Lebar bermakna selesai atau usai yang menandai berakhirnya puasa selama satu bulan penuh. Berasal dari lebar, artinya lapang dadanya, zakat fitrahnya terbayar, dan pintu ampunan terbuka lebar.

Lebur bermakna melebur sebagai pengingat bahwa dosa-dosa manusia selama bulan Ramadan luluh di hadapan Allah. Biasanya diiringi dengan tradisi saling memaafkan ke saudara, tetangga, dan kerabat.

Luber bermakna melimpah sebagai simbol melimpahkan maaf kepada orang yang meminta maaf dan sebaliknya. Luberan juga merupakan simbol sedekah dalam bentuk zakat.

Labur bermakna pemutihan diri sebagai momentum untuk menyucikan diri dari segala dosa dan kesalahan. Maknanya agar manusia menjaga kesucian lahir dan batin dalam dirinya di hari yang fitri.
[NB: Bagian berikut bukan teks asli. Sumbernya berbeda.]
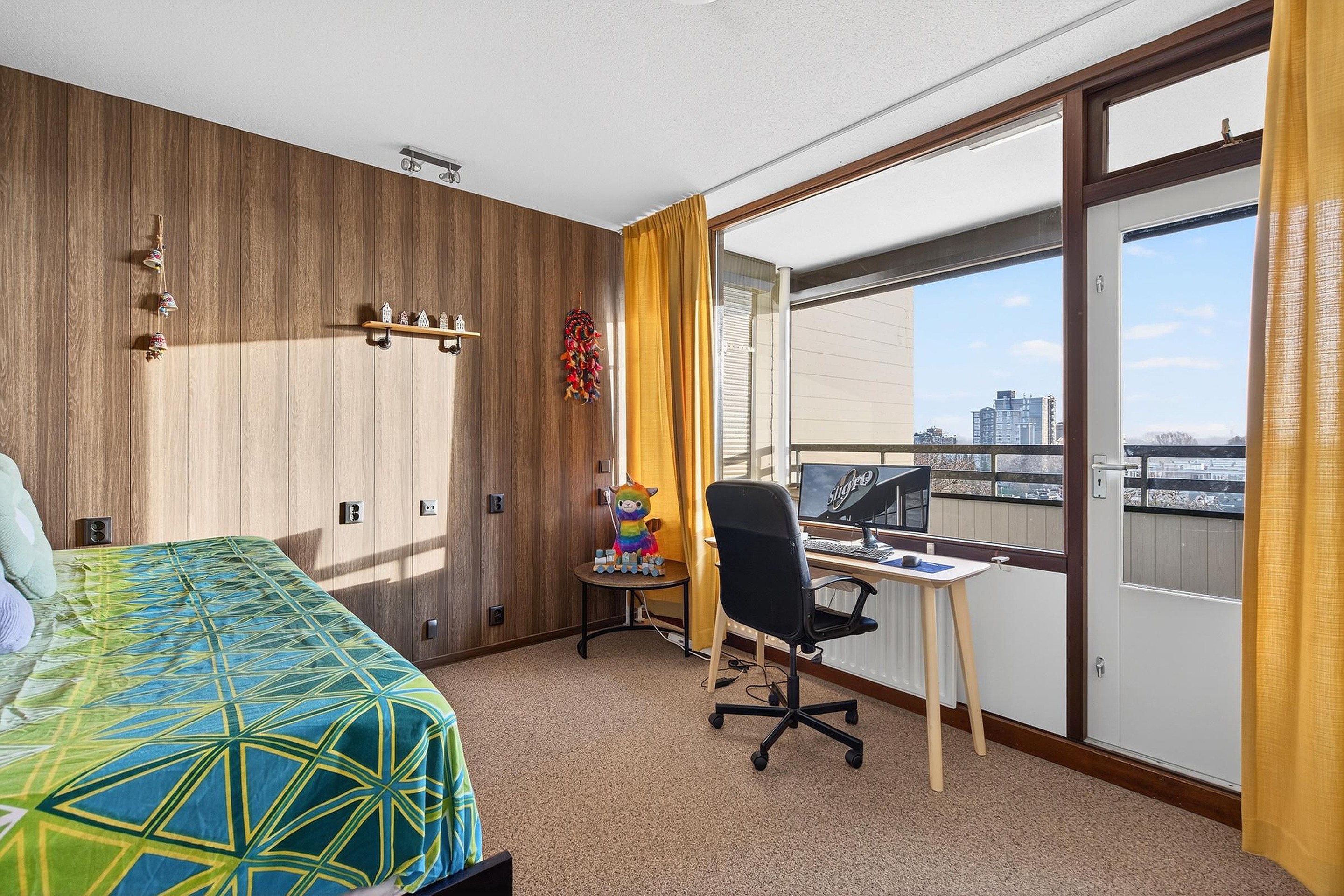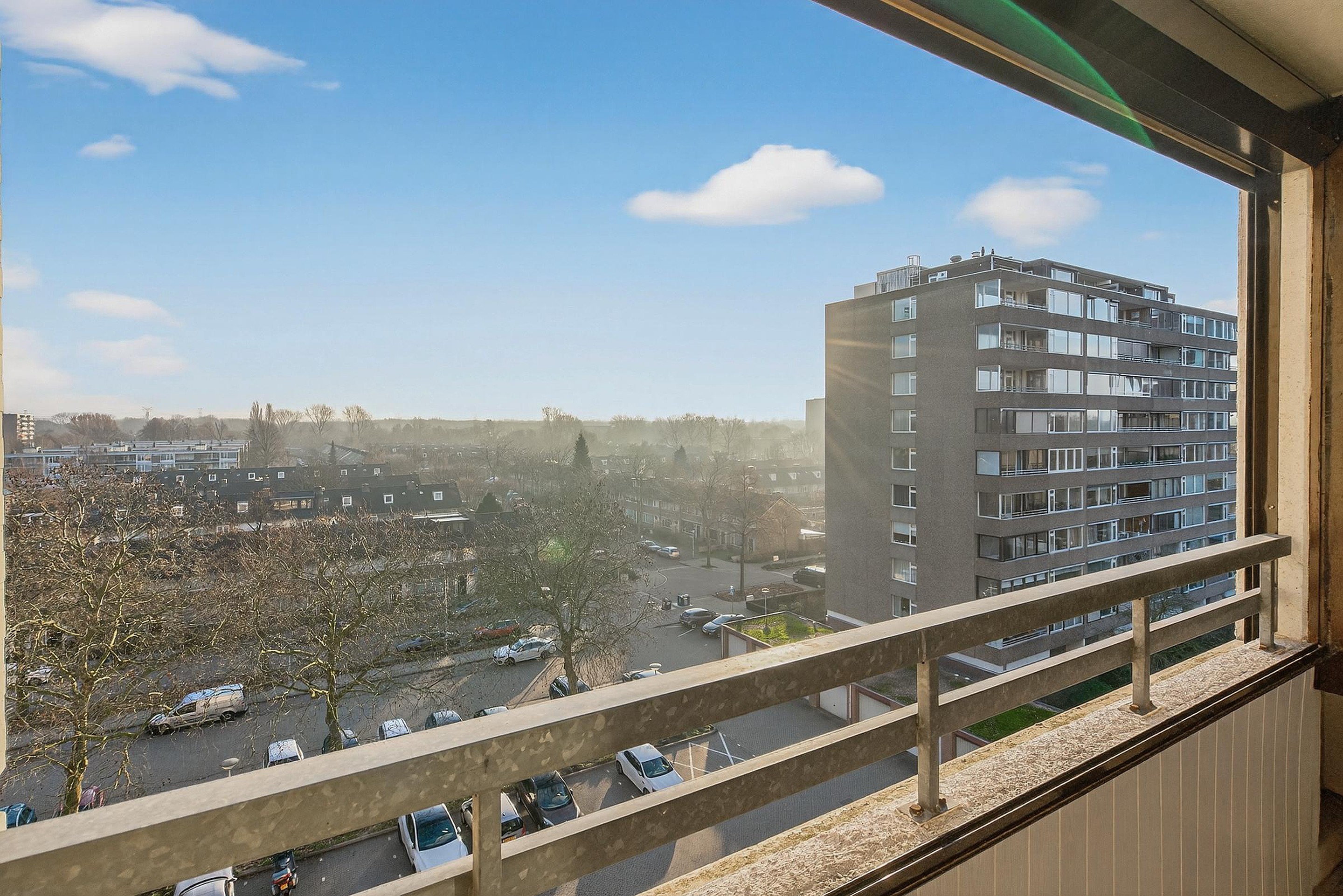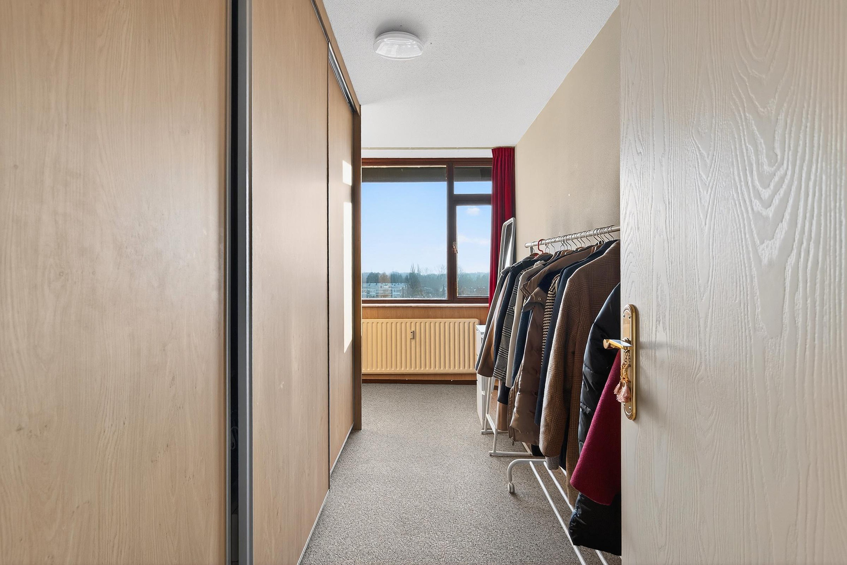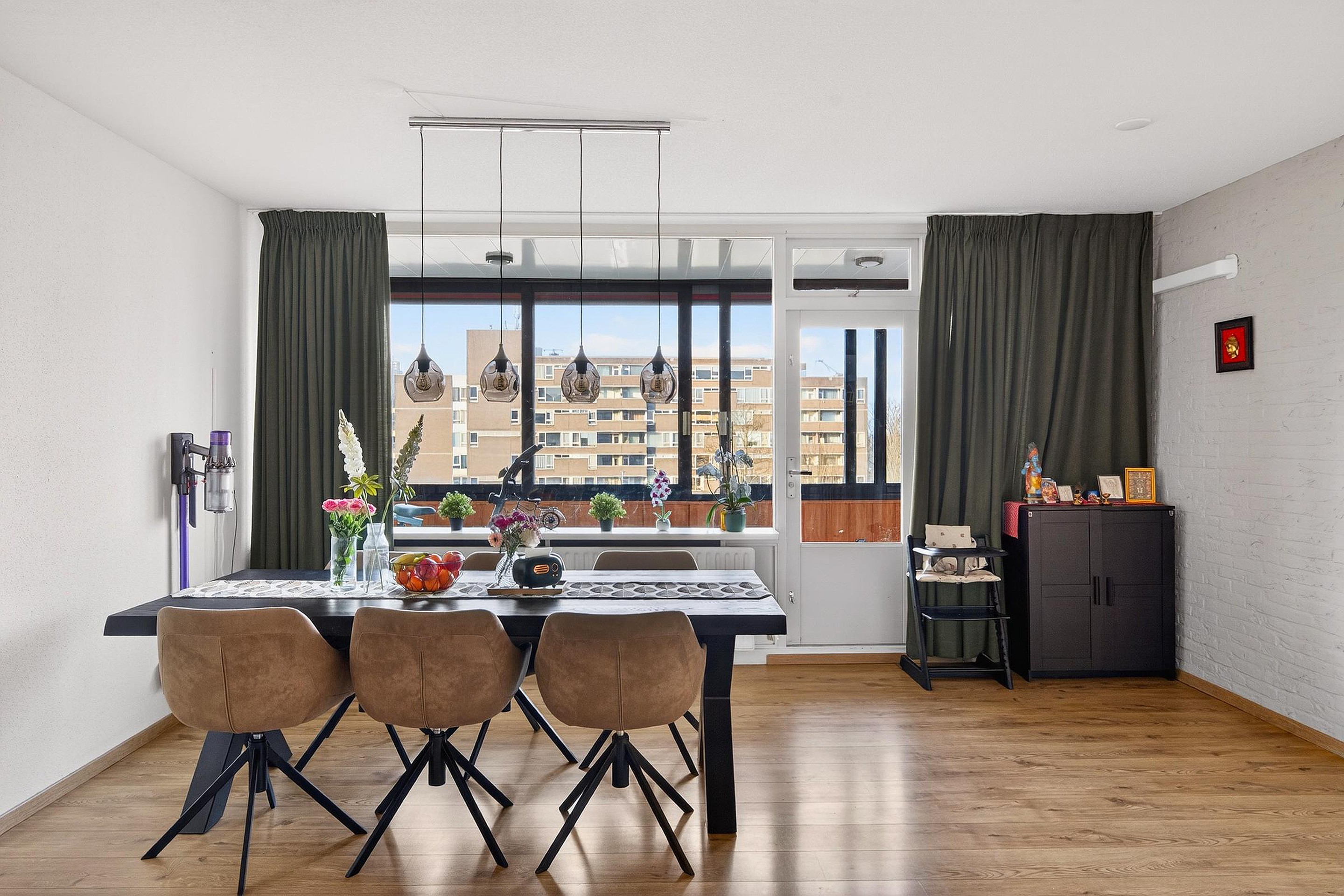 De woonkamer is ruim en beschikt over grote raampartijen, die zorgdragen voor een fraaie lichtinval en een fraai en vrij uitzicht. De woonkamer beschikt tevens een airco-unit hetgeen met name in de zomer prettig is omdat het appartement op het zuidwesten georiënteerd is. De airco kan ook verwarmen.
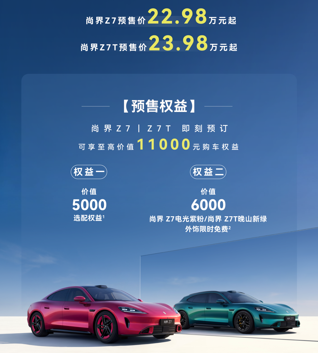 此次发布会上最为重磅的车型,无疑就是尚界Z7与尚界Z7T,前者掀背轿跑,后者猎装姿态,完美符合现在年轻人最喜欢的潮流设计。目前两台车已经开启预售,其中尚界Z7的预售价为22.98万元起,而尚界Z7T的预售价则是23.98万元起。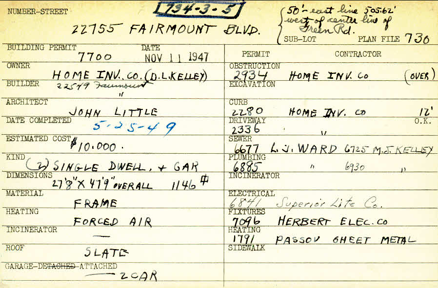 22755 Fairmount Boulevard Shaker Heights, OH 44122 PARCEL ID: 734-03-005 Building Permit Date: 11-11-1947 Plan File Number: 730 all scanned Microfilm Roll: Roll010 Neighborhood: Mercer Owner: Home Investment Company (D. L. Kelley) Builder: Home Investment Company Architect: Little, John W. Estimated Cost: 10000 Date Completed: 05-25-1949 Kind: Single Dwelling and Garage (2) Material: Frame Heating: Forced Air Roof: Slate Garage: attached 2 car |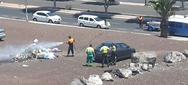 Según han informado testigos presenciales a este diario, el conductor, con muy buen criterio, se dio cuenta de que ardía la basura que llevaba en la parte trasera del camión, momento en el que, en lugar de parar en el lugar que se encontraba, decidió dirigirse hacia un solar que está en la entrada de Arrecife, en el barrio de Valterra, donde maniobró para evitar que se produjeran males mayores.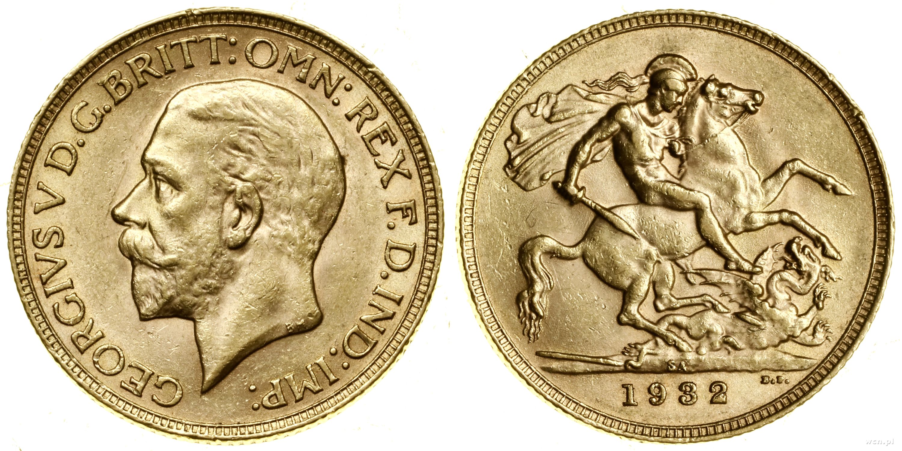 1 funt (1 sovereign) 1932 SA, Pretoria, z obwódką na awersie, złoto 7.98 g, próby 916, nakład: 1.067.000 szt. |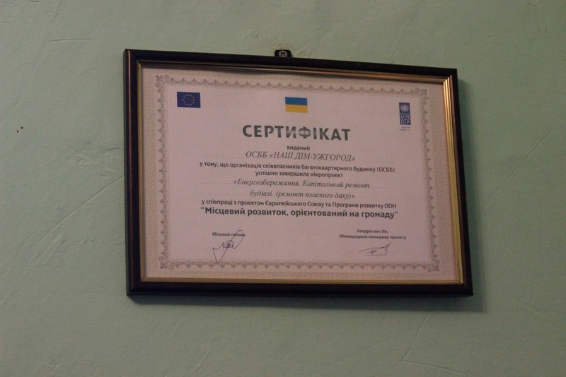 А тому після утворення ОСББ першою нагальною проблемою, яку треба було вирішити негайно став саме дах. Але, де взяти гроші? Проблема – є, грошей на її вирішення – немає. Саме тоді молодий та амбітний Микола Щерба дізнався, що ще у 2015 було започатковано трирічну програму Європейського Союзу ПРОООН, яка «роздавала» гроші на ремонт. Правління ОСББ підготувало відповідні документи на отримання гранту і подало їх в Ужгородську міську раду. Програма «Місцевий розвиток, орієнтований на громаду-3» будувалася за принципом – солідарного фінансування проектів. Європейський Союз давав 50% від потреби, 45% давала міська влада з місцевого бюджету, а ще 5% знаходили самі мешканці ОСББ.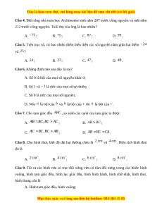 Câu 4. Biết rằng nhà toán học Archimedes sinh năm 287 trước công nguyên và mất năm
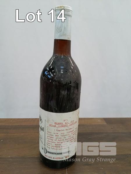 1971 STONYFELL (SPECIAL RELEASE) RESERVE BIN SV/7 BAROSSA SHIRAZ CABERNET SAUVIGNON. SINGLE 738ML CLARET BOTTLE, UNDER CORK. FILL LEVEL " BASE OF NECK". CAPSULE SOUND. BOTTLE & LABEL FAIR TO GOOD.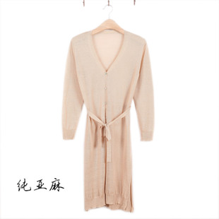 2014初秋外貿原單全亞麻苧麻超薄長袖超長款外套針織防曬衣開衫 /

Setelah “berpuasa” lebaran selama dua tahun, kali ini masyarakat akan kembali merasakan sensasi dan esensi kembali pulang ke kampung halaman alias mudik. Menjadi pribadi yang fitri, bukan malah menjadi sombong memerkan kesuksesan di tanah perantauan. Mudik adalah momen kontemplasi menemukan diri yang sejati.